:: SOURCE MATERIAL ::

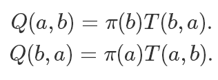 结论很清晰:这样一个转移概率函数T是满足细致平稳条件的,而且和Metropolis里面不同:它不是对称的。
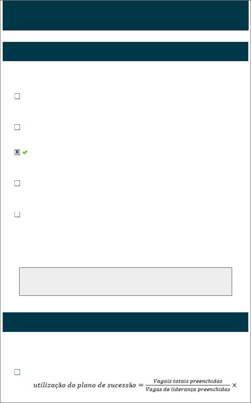 Disc.: RECRUTAMENTO E SELEÇÃO Aluno(a): ALEXSSANDRA DA COSTA GUEDES 201908662671 Acertos: 8,0 de 10,0 09/10/2020 1a Questão Acerto: 1,0 / 1,0 Sobre empresa própria, assinale a alternativa correta: empresa própria significa não ter chefe e ter mais qualidade de vida e tempo disponível; empresa própria é melhor se for feita em sociedade. as chances de sucesso da empresa diminuem consideravalmente se o empresário não tiver conhecimento nem técnico nem gerencial; montar uma incubadora de empresa é algo indicado para empresários iniciantes; empresa júnior é uma empresa normal com fins lucrativos formada por alunos de graduação; Respondido em 09/10/2020 13:58:21 Explicação: . 2a Questão Acerto: 1,0 / 1,0 Assinale a alternativa que melhor representa a fórmula para o cálculo do índice de utilização do plano de sucessão: Respondido em 09/10/2020 14:05:21 Explicação: . 3a Questão Acerto: 1,0 / 1,0 (2019 - IF-BA - IF Baiano - Assistente Em Administração) O recrutamento externo é uma forma como as organizações buscam profissionais qualificados no mercado, para atender os requisitos necessários a vaga em aberto. A respeito do tema, assinale a alternativa que indique corretamente uma vantagem da organização ao desenvolver o recrutamento externo. Ser um processo mais assertivo, rápido e econômico para a empresa. Aproveitar o investimento da organização em treinamento e desenvolvimento do pessoal. Trazer profissionais com novas ideias, possíveis vivências de experiências profissionais anteriores e energia revitalizadora à organização. Reduzir a incerteza quanto ao perfil do candidato, potencial e capacidade de desempenho das tarefas executadas. Atuar como fonte de inspiração e motivação para os funcionários atuais da empresa. Respondido em 09/10/2020 14:04:17 Explicação: . 4a Questão Acerto: 1,0 / 1,0 Qual a melhor opção para as empresas Ter recrutamento e seleção 100% online. Ter seleção 100 online e recrutamento presencial. Ter recrutamento 100% online e seleção presencial. Analisar o negócio da empresa e adaptar o uso do presencial e do online conforme o que mais se adaptar à estratégia. Necessariamente, um mix de online e presencial tanto no recrutamento quanto na seleção. Respondido em 09/10/2020 14:12:04 Explicação: . 5a Questão Acerto: 0,0 / 1,0 Considerando as características a seguir: "baseia-se na avaliação do candidato, levando-se em consideração o perfil de competências organizacionais e as competências do cargo, através de perguntas direcionadas a situações reais vivenciadas, focando ação e resultado proporcionando ao selecionador averiguar como o candidato coloca-se nas diversas situações profissionais e pessoais apresentadas, observando seu padrão de comportamento, atitude e os resultados concretos obtidos, além de perceber como reage em momentos de frustração e como lida com as suas emoções" Podemos definir qual técnica de seleção? Testes avaliativos escritos Provas orais Testes práticos Entrevista por competências Dinâmicas de grupo Respondido em 09/10/2020 14:41:59 6a Questão Acerto: 1,0 / 1,0 O advento da tecnologia tem influenciado cada vez mais as relações de trabalho, um bom exemplo dessa mudança é a ascensão do home office, assinale a seguir uma boa prática: Esperar seu novo empregador te capacitar Não aceite trabalhar em ambientes incertos Só aceite trabalhar em empresas de grande porte Espere o mercado se adaptar a sua formação Foque na empregabilidade, se adaptando a trabalhos mais flexíveis Respondido em 09/10/2020 14:25:36 Explicação: . 7a Questão Acerto: 0,0 / 1,0 A entrevista por competências baseia-se na avaliação do candidato, levando-se em consideração o perfil de competências organizacionais e as competências do cargo, através de perguntas direcionadas a situações reais vivenciadas, focando ação e resultado. Tendo como referência os estudos realizados sobre técnicas de seleção, pede-se para assinalar a ÚNICA alternativa correta: A análise curricular, nos casos em que se adota a seleção por competências, é considerada desnecessária, pois, "o papel aceita qualquer informação", segundo os estudiosos do modelo de seleção por competência, considerando assim, desnecessário ater-se à análise do currículo. A entrevista técnica ela será sempre conduzida pela equipe de RH; e a razão disso está no fato da área de RH ser responsável pela descrição e análise dos cargos, o que permite a essa área conhecimento pleno dos aspectos técnicos dos cargos. As anotações são permitidas e deve-se informar ao candidato que as mesmas ocorrerão no decorrer do tempo em que estiverem conversando. Em geral, anota-se informações pontuais para que a interação com o candidato não seja prejudicada. Durante a entrevista por competência, o selecionador deve ser parcial, pois, essa é uma exigência para que se tenha um resultado mais preciso, porque permite identificar o maior número de competências do candidato. A entrevista, quando por competências, será a única etapa do processo seletivo, pois, ela é suficientemente abrangente e, por isso, dispensa qualquer complemento para encontrar o candidato certo para o lugar certo. Respondido em 09/10/2020 14:44:51 8a Questão Acerto: 1,0 / 1,0 Diante de todas as novidades que se colocam dentro das organizações e como elas impactam seus colaboradores, por que é importante que os gestores e os departamentos de Recursos Humanos conheçam e apliquem a análise de perfis comportamentais? Para dificultar os processos de internos de promoção e movimentação. Para entender o que cada pessoa é de forma definitiva e sem mudanças. Para manter as coisas como estão e sem mudanças. Para rotular as pessoas. Para buscar o autoconhecimento e desenvolvimento continuamente, tanto de cada colaborador, como da organização. Respondido em 09/10/2020 14:26:26 Explicação: . 9a Questão Acerto: 1,0 / 1,0 U
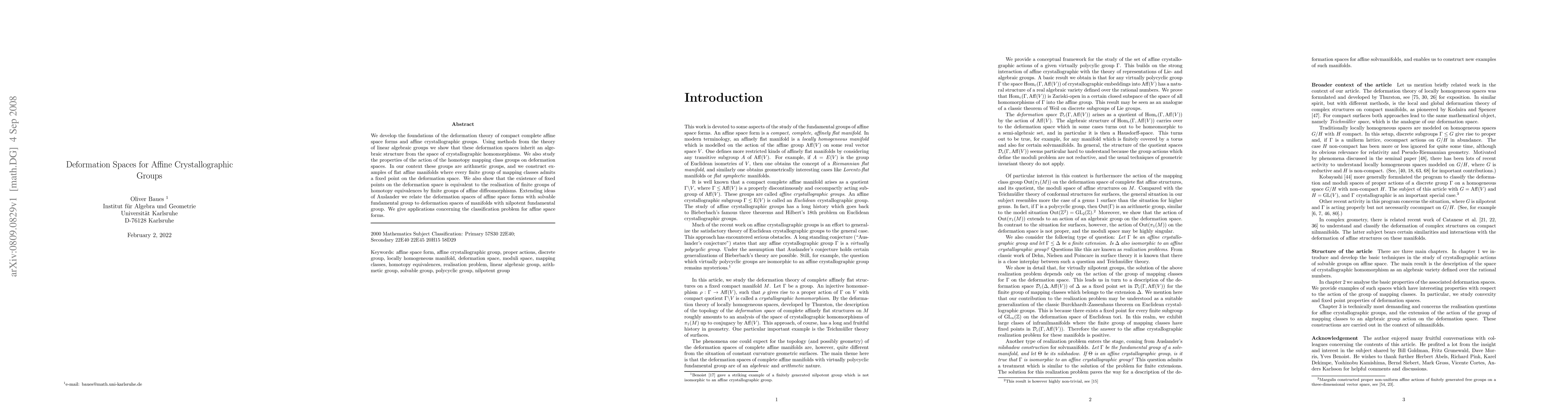 We develop the foundations of the deformation theory of compact complete affine space forms and affine crystallographic groups. Using methods from the theory of linear algebraic groups we show that these deformation spaces inherit an algebraic structure from the space of crystallographic homomorphisms. We also study the properties of the action of the homotopy mapping class groups on deformation spaces. In our context these groups are arithmetic groups, and we construct examples of flat affine manifolds where every finite group of mapping classes admits a fixed point on the deformation space. We also show that the existence of fixed points on the deformation space is equivalent to the realisation of finite groups of homotopy equivalences by finite groups of affine diffeomorphisms. Extending ideas of Auslander we relate the deformation spaces of affine space forms with solvable fundamental group to deformation spaces of manifolds with nilpotent fundamental group. We give applications concerning the classification problem for affine space forms.
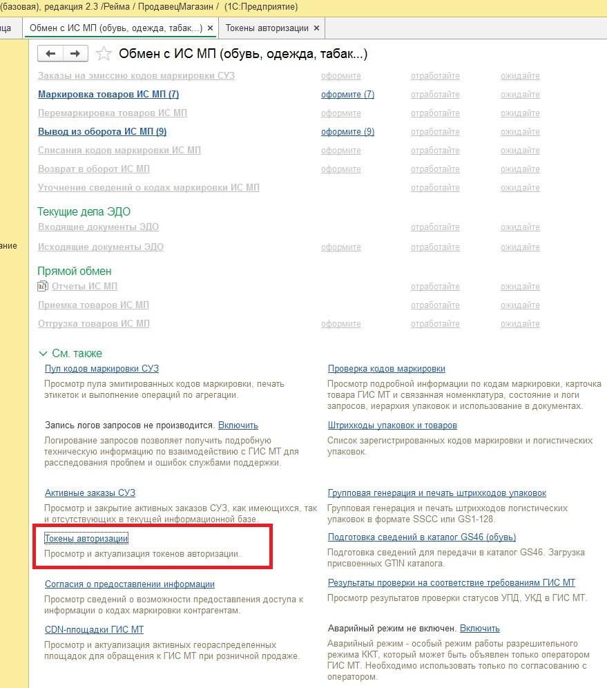 +(5) Мне сложно понять логику, не видя этого и не "щупая" руками... Но, что-то подсказывает мне, что нужно где-то в настройках смотреть, ИМХО продажа на кассе и проверка марки по разрешительному режиму, ничего общего с авторизацией в ГИС МТ не имеет...

:::

§ WORK REQUEST: Transcribe the material above word for word; images do not belong in the copy.

§ ANSWER AREA:
 结论很清晰:这样一个转移概率函数T是满足细致平稳条件的,而且和Metropolis里面不同:它不是对称的。
 Disc.: RECRUTAMENTO E SELEÇÃO Aluno(a): ALEXSSANDRA DA COSTA GUEDES 201908662671 Acertos: 8,0 de 10,0 09/10/2020 1a Questão Acerto: 1,0 / 1,0 Sobre empresa própria, assinale a alternativa correta: empresa própria significa não ter chefe e ter mais qualidade de vida e tempo disponível; empresa própria é melhor se for feita em sociedade. as chances de sucesso da empresa diminuem consideravalmente se o empresário não tiver conhecimento nem técnico nem gerencial; montar uma incubadora de empresa é algo indicado para empresários iniciantes; empresa júnior é uma empresa normal com fins lucrativos formada por alunos de graduação; Respondido em 09/10/2020 13:58:21 Explicação: . 2a Questão Acerto: 1,0 / 1,0 Assinale a alternativa que melhor representa a fórmula para o cálculo do índice de utilização do plano de sucessão: Respondido em 09/10/2020 14:05:21 Explicação: . 3a Questão Acerto: 1,0 / 1,0 (2019 - IF-BA - IF Baiano - Assistente Em Administração) O recrutamento externo é uma forma como as organizações buscam profissionais qualificados no mercado, para atender os requisitos necessários a vaga em aberto. A respeito do tema, assinale a alternativa que indique corretamente uma vantagem da organização ao desenvolver o recrutamento externo. Ser um processo mais assertivo, rápido e econômico para a empresa. Aproveitar o investimento da organização em treinamento e desenvolvimento do pessoal. Trazer profissionais com novas ideias, possíveis vivências de experiências profissionais anteriores e energia revitalizadora à organização. Reduzir a incerteza quanto ao perfil do candidato, potencial e capacidade de desempenho das tarefas executadas. Atuar como fonte de inspiração e motivação para os funcionários atuais da empresa. Respondido em 09/10/2020 14:04:17 Explicação: . 4a Questão Acerto: 1,0 / 1,0 Qual a melhor opção para as empresas Ter recrutamento e seleção 100% online. Ter seleção 100 online e recrutamento presencial. Ter recrutamento 100% online e seleção presencial. Analisar o negócio da empresa e adaptar o uso do presencial e do online conforme o que mais se adaptar à estratégia. Necessariamente, um mix de online e presencial tanto no recrutamento quanto na seleção. Respondido em 09/10/2020 14:12:04 Explicação: . 5a Questão Acerto: 0,0 / 1,0 Considerando as características a seguir: "baseia-se na avaliação do candidato, levando-se em consideração o perfil de competências organizacionais e as competências do cargo, através de perguntas direcionadas a situações reais vivenciadas, focando ação e resultado proporcionando ao selecionador averiguar como o candidato coloca-se nas diversas situações profissionais e pessoais apresentadas, observando seu padrão de comportamento, atitude e os resultados concretos obtidos, além de perceber como reage em momentos de frustração e como lida com as suas emoções" Podemos definir qual técnica de seleção? Testes avaliativos escritos Provas orais Testes práticos Entrevista por competências Dinâmicas de grupo Respondido em 09/10/2020 14:41:59 6a Questão Acerto: 1,0 / 1,0 O advento da tecnologia tem influenciado cada vez mais as relações de trabalho, um bom exemplo dessa mudança é a ascensão do home office, assinale a seguir uma boa prática: Esperar seu novo empregador te capacitar Não aceite trabalhar em ambientes incertos Só aceite trabalhar em empresas de grande porte Espere o mercado se adaptar a sua formação Foque na empregabilidade, se adaptando a trabalhos mais flexíveis Respondido em 09/10/2020 14:25:36 Explicação: . 7a Questão Acerto: 0,0 / 1,0 A entrevista por competências baseia-se na avaliação do candidato, levando-se em consideração o perfil de competências organizacionais e as competências do cargo, através de perguntas direcionadas a situações reais vivenciadas, focando ação e resultado. Tendo como referência os estudos realizados sobre técnicas de seleção, pede-se para assinalar a ÚNICA alternativa correta: A análise curricular, nos casos em que se adota a seleção por competências, é considerada desnecessária, pois, "o papel aceita qualquer informação", segundo os estudiosos do modelo de seleção por competência, considerando assim, desnecessário ater-se à análise do currículo. A entrevista técnica ela será sempre conduzida pela equipe de RH; e a razão disso está no fato da área de RH ser responsável pela descrição e análise dos cargos, o que permite a essa área conhecimento pleno dos aspectos técnicos dos cargos. As anotações são permitidas e deve-se informar ao candidato que as mesmas ocorrerão no decorrer do tempo em que estiverem conversando. Em geral, anota-se informações pontuais para que a interação com o candidato não seja prejudicada. Durante a entrevista por competência, o selecionador deve ser parcial, pois, essa é uma exigência para que se tenha um resultado mais preciso, porque permite identificar o maior número de competências do candidato. A entrevista, quando por competências, será a única etapa do processo seletivo, pois, ela é suficientemente abrangente e, por isso, dispensa qualquer complemento para encontrar o candidato certo para o lugar certo. Respondido em 09/10/2020 14:44:51 8a Questão Acerto: 1,0 / 1,0 Diante de todas as novidades que se colocam dentro das organizações e como elas impactam seus colaboradores, por que é importante que os gestores e os departamentos de Recursos Humanos conheçam e apliquem a análise de perfis comportamentais? Para dificultar os processos de internos de promoção e movimentação. Para entender o que cada pessoa é de forma definitiva e sem mudanças. Para manter as coisas como estão e sem mudanças. Para rotular as pessoas. Para buscar o autoconhecimento e desenvolvimento continuamente, tanto de cada colaborador, como da organização. Respondido em 09/10/2020 14:26:26 Explicação: . 9a Questão Acerto: 1,0 / 1,0 U
 We develop the foundations of the deformation theory of compact complete affine space forms and affine crystallographic groups. Using methods from the theory of linear algebraic groups we show that these deformation spaces inherit an algebraic structure from the space of crystallographic homomorphisms. We also study the properties of the action of the homotopy mapping class groups on deformation spaces. In our context these groups are arithmetic groups, and we construct examples of flat affine manifolds where every finite group of mapping classes admits a fixed point on the deformation space. We also show that the existence of fixed points on the deformation space is equivalent to the realisation of finite groups of homotopy equivalences by finite groups of affine diffeomorphisms. Extending ideas of Auslander we relate the deformation spaces of affine space forms with solvable fundamental group to deformation spaces of manifolds with nilpotent fundamental group. We give applications concerning the classification problem for affine space forms.
 +(5) Мне сложно понять логику, не видя этого и не "щупая" руками... Но, что-то подсказывает мне, что нужно где-то в настройках смотреть, ИМХО продажа на кассе и проверка марки по разрешительному режиму, ничего общего с авторизацией в ГИС МТ не имеет...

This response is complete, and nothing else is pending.